All good suggestions. I've personally had poor long term results with it, but you can definitely get sphagnum moss mail order. However, the Buss Bedding vendor used to sell both a sphagnum moss product and the shredded newspaper product and both worked well short term for me (a month or so). You do need to feed them if you're in it for the long haul. My favorite bedding is about 1/2 way composted leaves. You make a leaf pile in the fall, the next spring, you use that material and maybe add a bit of garden soil or finished compost if the leaves are too wet. For keeping worms a month or two, I like a 2/3 way full five gallon bucket or 2 with lids and vent holes in basement. Tilt buckets every few days to check on things and add fresh air, if too moist, add some shredded newspaper, paper towels, dryer soil. They will eat leaves up over time. I like 2 buckets so all my eggs aren't in one basket. 
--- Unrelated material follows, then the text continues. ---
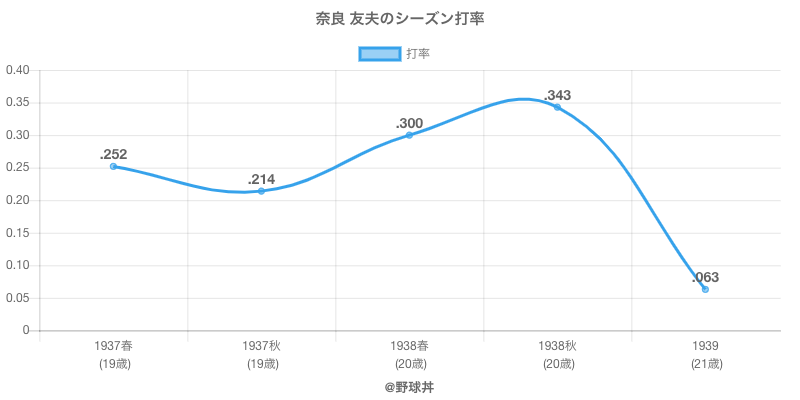 | 1938秋 | 22 | 70 | .343 | 24 | 0 | 5 | |
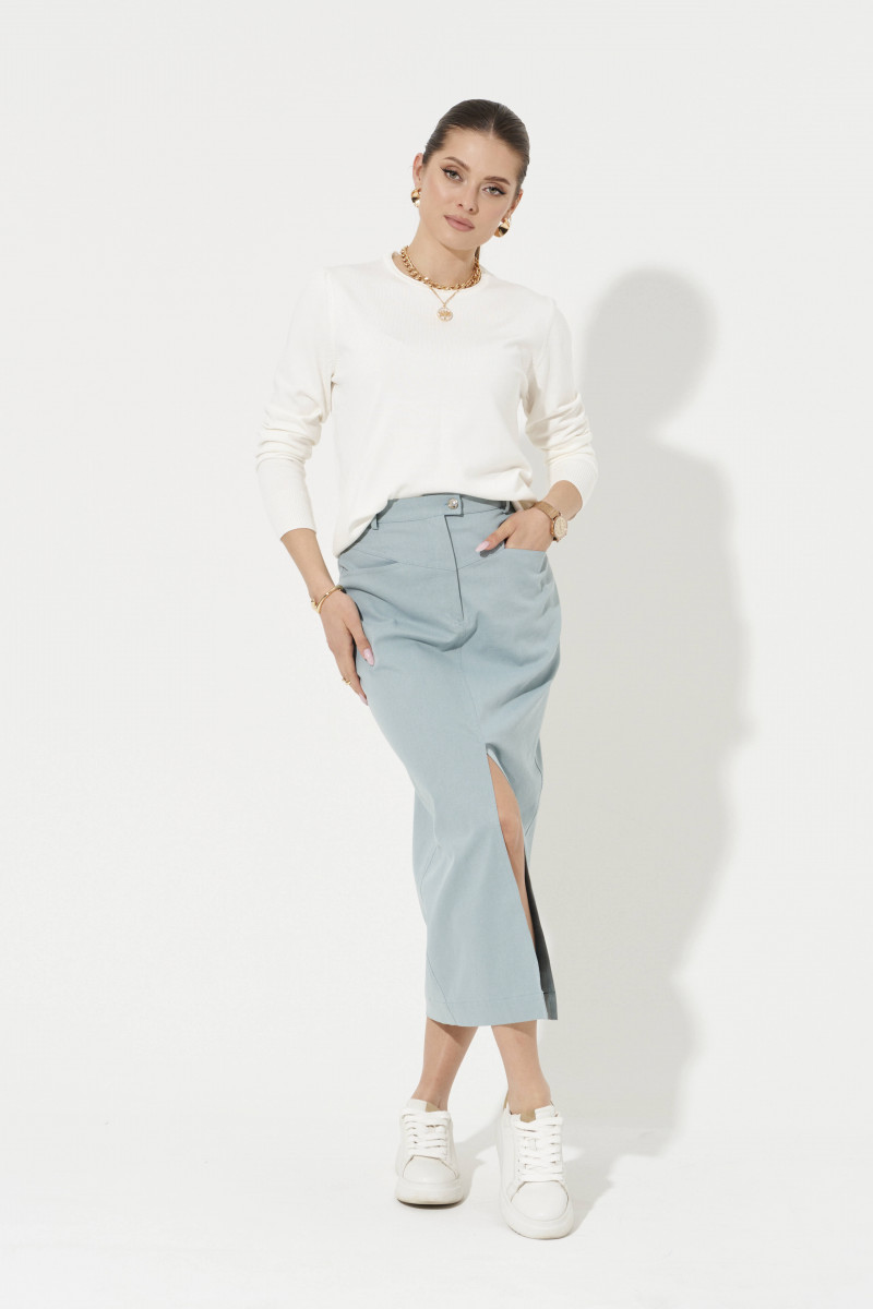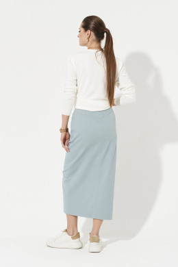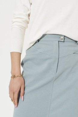Юбка женская из смесовой ткани с большим содержание хлопка для повседневной носки. Юбка прямая. Верхний срез юбки обработан притачным поясом с застежкой на одну обметанную петлю и одну пуговицу, а также имеется застежка на тесьму-молнию в среднем шве юбки. Юбка имеет шлевки, что дает возможность носить ее под пояс, тем самым вы сможете регулировать облегание в области талии. Переднее полотнище юбки имеет отрезную кокетку, а также на переднем полотнище располагаются два кармана. Переднее полотнище со средним швом и разрезом в шве. Заднее полотнище юбки имеет отрезную кокетку. Очень стильная юбка в серо-голубом оттенке , которая безусловно будет радовать вас своим чудесным видом и прекрасной посадкой.

If you do the wooden box in ground, it must be in shade and it must be 100% tight. They are escape artists. When I was a kid, one neighbor used two washtubs above ground with covers and another guy used a clawfoot bathtub that was about 1/2 full of compost and sunk about 1/2 way into the ground. I lived at a place with seriously clay soil. Dug a small 12 inch deep trench in shaded spot, filled with better soil and maybe 4 dozen "leftover" nightcrawlers - they stayed put for an extended period....I dug a dozen or so several times...


----------



## ohiotuber

jkiefer1362 said:


> Damp newspaper works best for me. Breaks down nicely
> 
> Sent from my SM-S908U using Ohio Game Fishing mobile app


I shred it, dampen & add a few ice cubes daily.

Mike


----------